Genbanken rund um den Globus haben es sich deshalb zum Ziel gemacht, möglichst viele Arten in möglichst vielen Variationen dauerhaft zu erhalten. 2007 entstand beispielsweise die Deutsche Genbank Obst, ein Netzwerk verschiedener Institutionen, die sich bislang der Erdbeere, der Kirsche und – seit 2009 – auch dem Apfel widmen. So hat die Genbank Apfel des Julius-Kühn-Instituts in Dresden-Pillnitz rund 860 Apfelsorten und 365 Abstammungen von Wildäpfeln gesammelt. Gemessen an den 20.000 weltweit bekannten Apfelsorten klingt das wenig, doch in unserem Alltag spielen höchsten 20 Sorten eine Rolle.

Die weltweit zweitgrößte Genbank nach der des russischen Wawilow-Instituts in Sankt Petersburg betreibt das Leibniz-Institut in Gatersleben. 150.000 Muster von 3.000 Arten aus mehr als 750 botanischen Gattungen sind dort versammelt. Doch eine Genbank leistet viel mehr als Saatgut zu konservieren. Die Aufgabe einer Genbank ist es, die gesammelten pflanzengenetischen Ressourcen zu dokumentieren, zu erhalten und bereitzustellen. Nur dann können Forscher die gespeicherten speziellen Genvarianten analysieren und Züchter sie schließlich nutzen, um verbesserte Sorten zu erzeugen.

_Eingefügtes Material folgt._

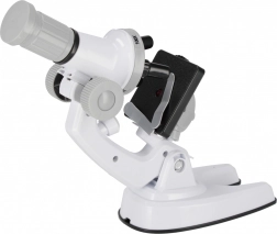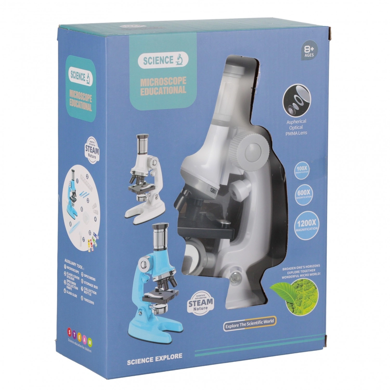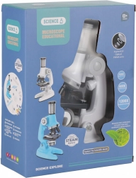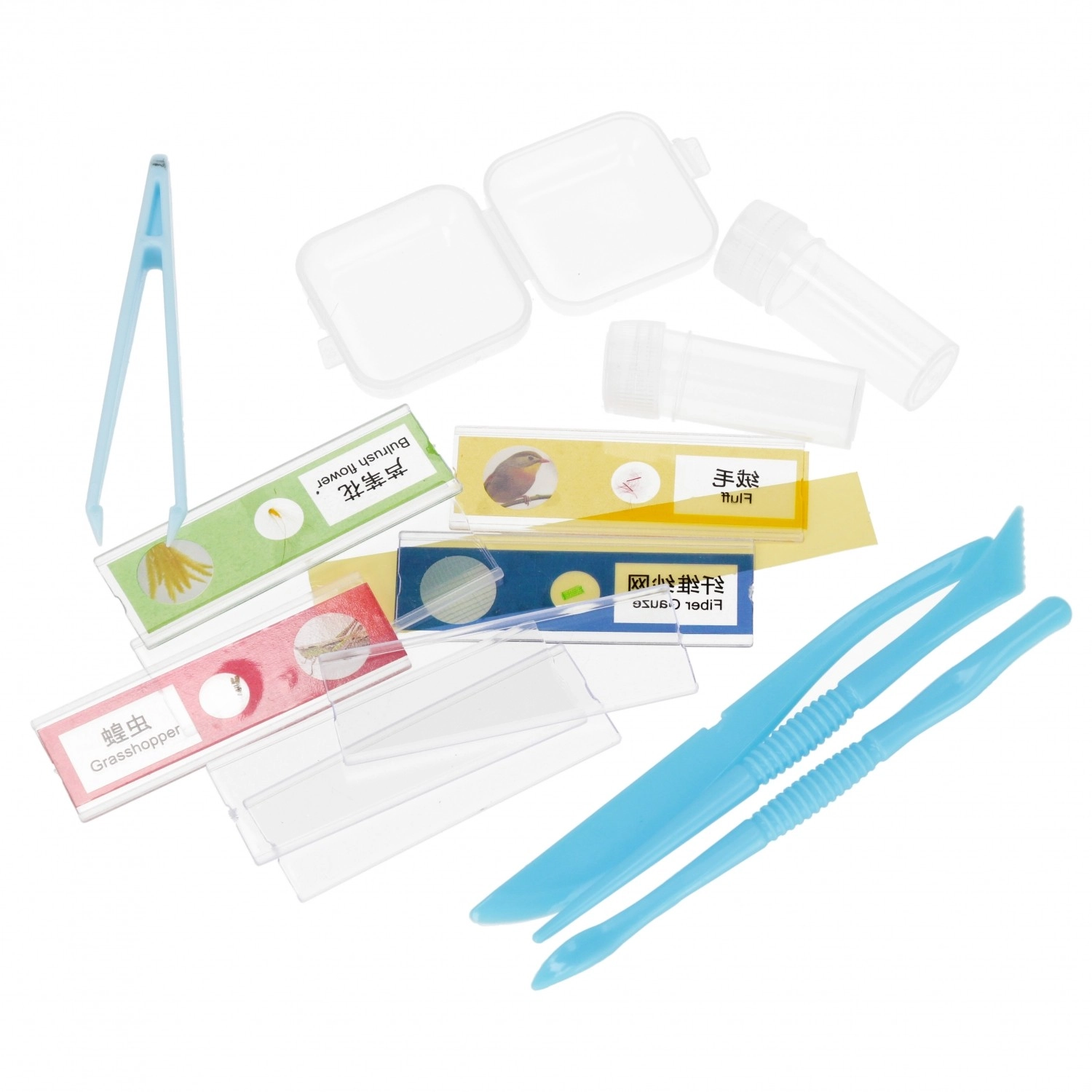 - Set completo: microscopio, 1× pinzetta, 3× lame/vetrini portaoggetti, 2× provette, 1× scatolina, 4× schede di ricerca con disegni, 4× schede vuote, manuale

Da Samen sich nicht endlos lagern lassen, muss eine Genbank in längeren Abständen – etwa alle 20 Jahre – die Pflanze anbauen und frische Samen ernten. Allein in Gatersleben bedeutet das, dass jährlich 7.500 Muster aufgefrischt werden müssen. Damit dabei kein Saatgut mit anderen Samen verunreinigt wird, müssen die Wissenschaftler einige Maßnahmen treffen: Bei Selbstbefruchtern wie Weizen und Gerste genügt ein abwechselnder Abbau; bereits ein Abstand von 1,25 Metern zwischen zwei Weizenmustern verhindert ungewollte Fremdbefruchtungen. Fremdbefruchtende Arten wie Roggen wachsen in Isolierparzellen, die zueinander mindestens 250 Meter Abstand haben, damit keine Verunreinigung durch den Wind erfolgen kann. Insektenbestäubende Fremdbefruchter pflanzen die Wissenschaftler sogar nur in insektendichten Kleingewächshäusern.

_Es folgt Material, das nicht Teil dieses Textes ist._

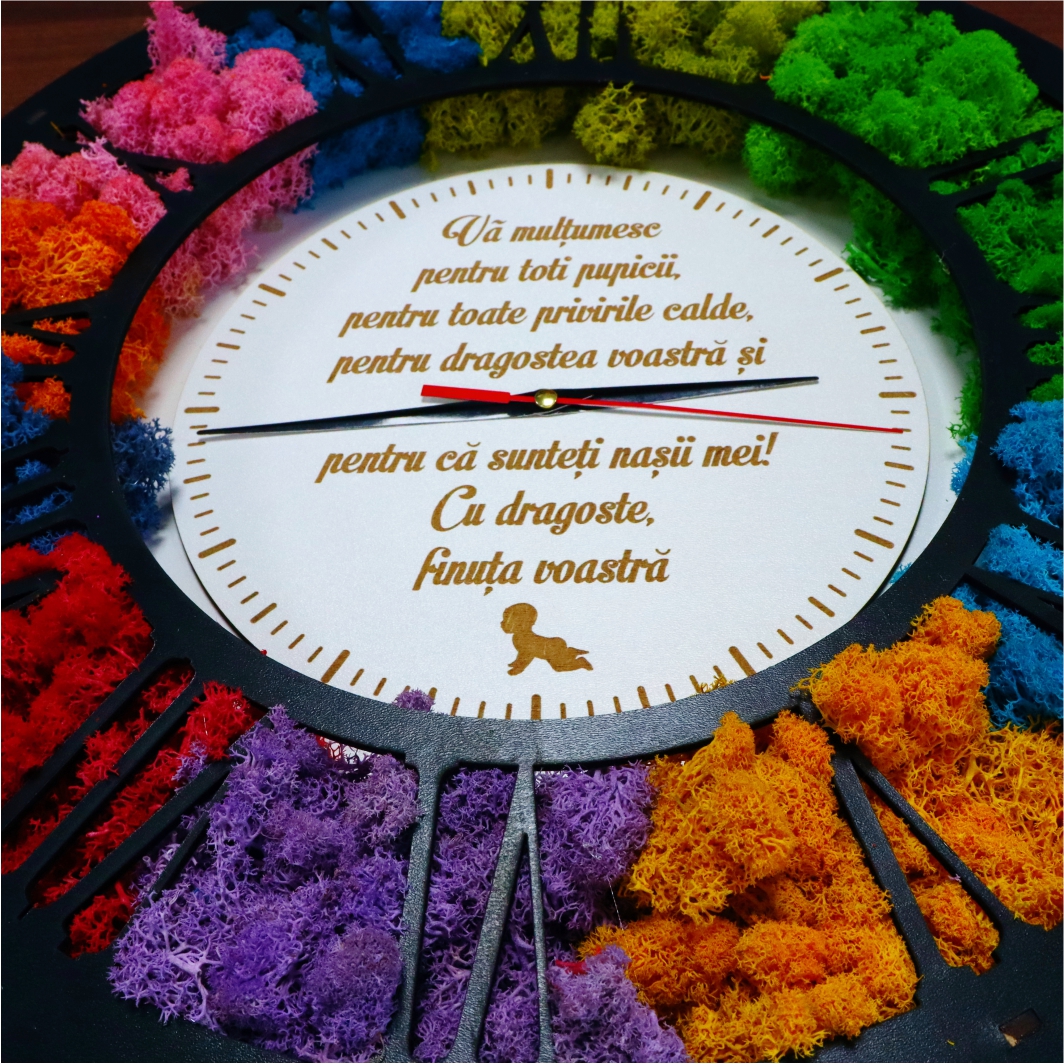 Ceas din lemn cu mesaj pentru nasi si decorat cu licheni.
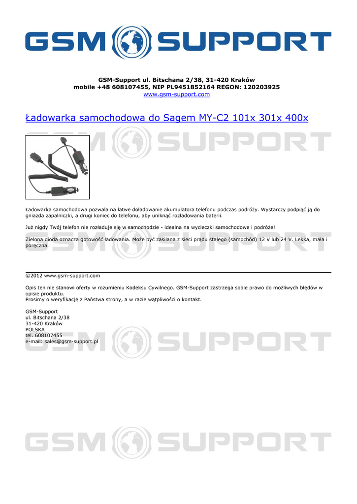 GSM-Support ul. Bitschana 2/38, 31-420 Kraków mobile +48 608107455, NIP PL9451852164 REGON: 120203925 www.gsm-support.com Ładowarka samochodowa do Sagem MY-C2 101x 301x 400x Ładowarka samochodowa pozwala na łatwe doładowanie akumulatora telefonu podczas podróży. Wystarczy podpiąć ją do gniazda zapalniczki, a drugi koniec do telefonu, aby uniknąć rozładowania baterii. Już nigdy Twój telefon nie rozładuje się w samochodzie - idealna na wycieczki samochodowe i podróże! Zielona dioda oznacza gotowość ładowania. Może być zasilana z sieci prądu stałego (samochód) 12 V lub 24 V. Lekka, mała i poręczna. ©2012 www.gsm-support.com Opis ten nie stanowi oferty w rozumieniu Kodeksu Cywilnego. GSM-Support zastrzega sobie prawo do możliwych błędów w opisie produktu. Prosimy o weryfikację z Państwa strony, a w razie wątpliwości o kontakt. GSM-Support ul. Bitschana 2/38 31-420 Kraków POLSKA tel. 608107455 e-mail: [email protected] Powered by TCPDF (www.tcpdf.org)

Während die meisten Genbanken neben dem Erhalt auch der Forschung dienen, plant der UN-nahe Welttreuhandfonds für Kulturpflanzenvielfalt auf Spitzbergen das größte und sicherste Lager für Samen und Pflanzgut von Nutzpflanzen mit einem einzigen Ziel: Saatgut aus aller Welt soll tief unter permanent gefrorenem Fels Naturkatastrophen, Epidemien und sogar einen Atomkrieg überdauern können. Allerdings ist fraglich, ob gerade tropische Samen eine derartige Lagerung überstehen – und selbst wenn, muss auch dieses Saatgut periodisch erneuert werden.

Unbekannte Vielfalt automatisiert erschließen

Allein die in Genbanken gelagerte genetische Vielfalt zu analysieren, dürfte noch viele Jahre dauern. Dabei befindet sich eine zigfach größere Vielfalt mit nahezu unendlichem züchterischem, aber auch medizinischem Potenzial draußen in der Natur. Noch Ende des letzten Jahrhunderts erschien es aussichtslos, diesen natürlichen Reichtum auch nur ansatzweise zu erfassen und zu analysieren. Doch dank technischer Fortschritte sind neue Methoden entstanden, die diese Prozesse erheblich beschleunigen, allen voran die nicht-invasive Hochdurchsatzphänotypisierung.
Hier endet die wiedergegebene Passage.